The AA New Britain Rock Cats kept their playoff hopes alive with a 10-5 win over the Portland Sea Dogs (Red Sox). In AAA Rochester, the Red Wings playoff bid took a turn for the worse as they lost 10-7 to Buffalo, falling a game and a half behind in the wild card race.
The GCL Yankees locked up the GCL Championship, 2-games-to-1 over the GCL Dodgers.
In the FSL East division, the St. Lucie Mets locked up the second half division title and will face off against the Brevard County Manatees in the first week of September in search of a FSL crown.
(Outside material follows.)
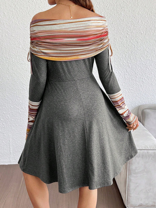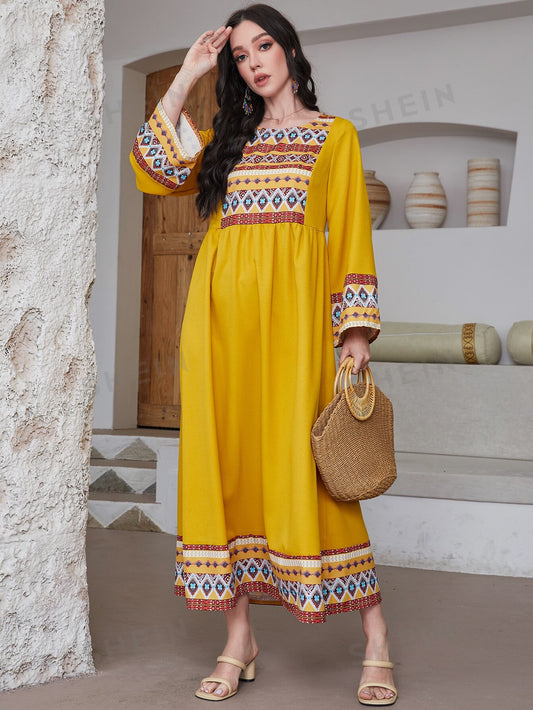 فستان خيمة طباعة النقش لوحة ياقة بفتحة

One-hit: Former Miracle starter Scott Baker took a perfect game into the ninth inning on Friday night at the Metrodome and was then just two outs from a no-hitter before Mike Sweeney jammed the second pitch he saw into short left-center field to break up Baker's chance at immortality. Baker fanned nine and threw 111 pitches -- 81 for strikes -- in the 5-0, Twins victory, which lasted just two hours and 16 minutes. It was his first career nine-inning shutout. Baker had the crowd on its feet, cheering for the first time with two outs in the seventh inning, and it pretty much stayed that way for the rest of his performance.
Baker also saw the birth of his second son, Easton, who was born in Shreveport, La., late last Friday night. Easton was born five weeks premature, and Baker has been traveling back and forth to Louisiana due to the birth, his last start, and his bullpen sessions.